The rupee failed to sustain gains made following better-than-expected wholesale price inflation data as importers, particularly oil firms, stepped in to buy dollars finding current levels attractive.
The partially convertible rupee closed at 61.54 per dollar, little changed compared to 61.55 on Monday. Bonds and forex markets were closed on Tuesday for a religious holiday. The unit moved in a range of 61.42 to 61.71 during the day.
India's headline inflation eased to a five-month low in December on lower vegetable prices, providing some relief to the ruling coalition before a national election and increasing the odds that interest rates will stay on hold this month.

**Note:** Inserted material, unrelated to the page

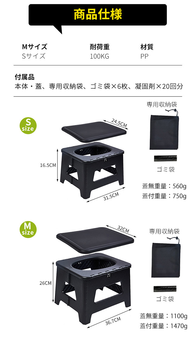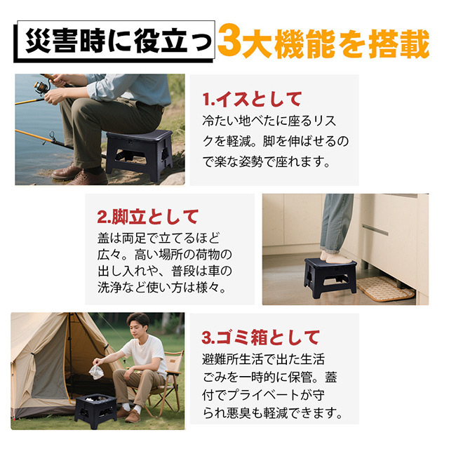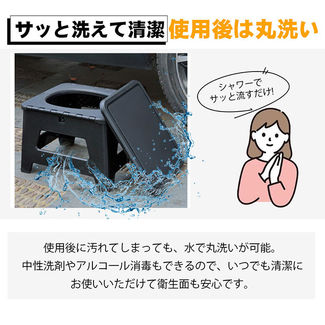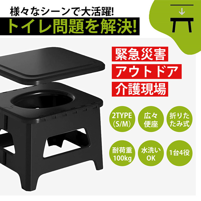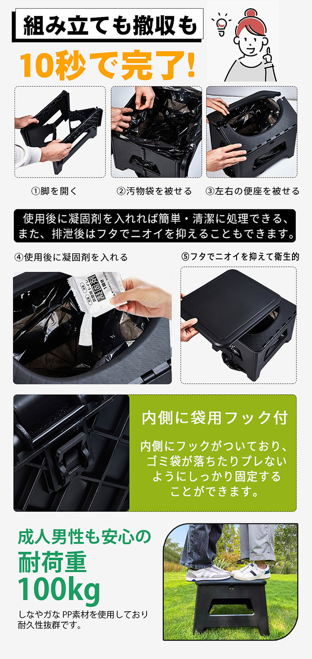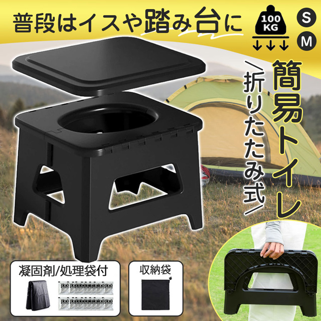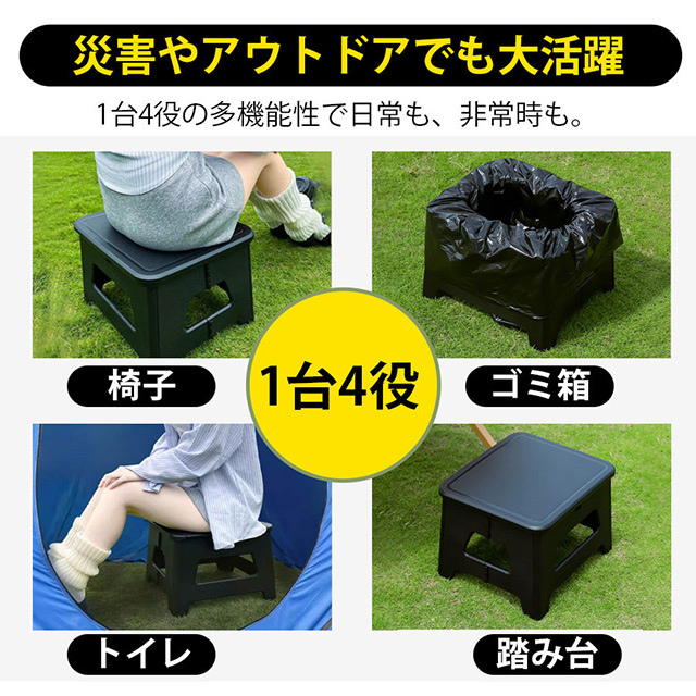 簡易トイレ 折りたたみ ポータブルトイレ 携帯トイレ 防災トイレ 災害用 非常用 多用途 椅子 防災グッズ 処理袋付 車 介護 車中泊 キャンプ アウトドア 登山 避難 緊急 携帯 野外 便器 踏み台 耐荷重100kg 排便袋&凝固剤付き

The better-than-hoped retail and wholesale inflation helped the rupee head towards recently touched one-month highs, but importers quickly jumped in to buy the greenback.
"These are very good levels to buy. As long as importer demand is in the market, I do not see the rupee gaining much. 61 to 62.50 range should hold for the next month," the chief dealer at a mid-sized state-run bank said.
"Importers came into buy forwards as well as they want to be covered ahead of the elections, pushing up the premiums as well," he added.
However, gains in the domestic share market and bonds helped recover from the session lows and prevent further losses. Foreign fund inflows into the debt and stock markets have been a key determinant of the rupee's fortunes.
So far in 2014, foreigners have pumped in $132.90 million into the stock market while debt buying has reached $1.98 billion.
Indian shares rallied to mark their highest close in five weeks as rate-sensitive stocks such as ICICI Bank rose after data showing sharply easing inflation reinforced expectations the central bank will keep interest rates on hold.
In the offshore non-deliverable forwards, the one-month contract was at 61.96 while the three-month was at 62.77.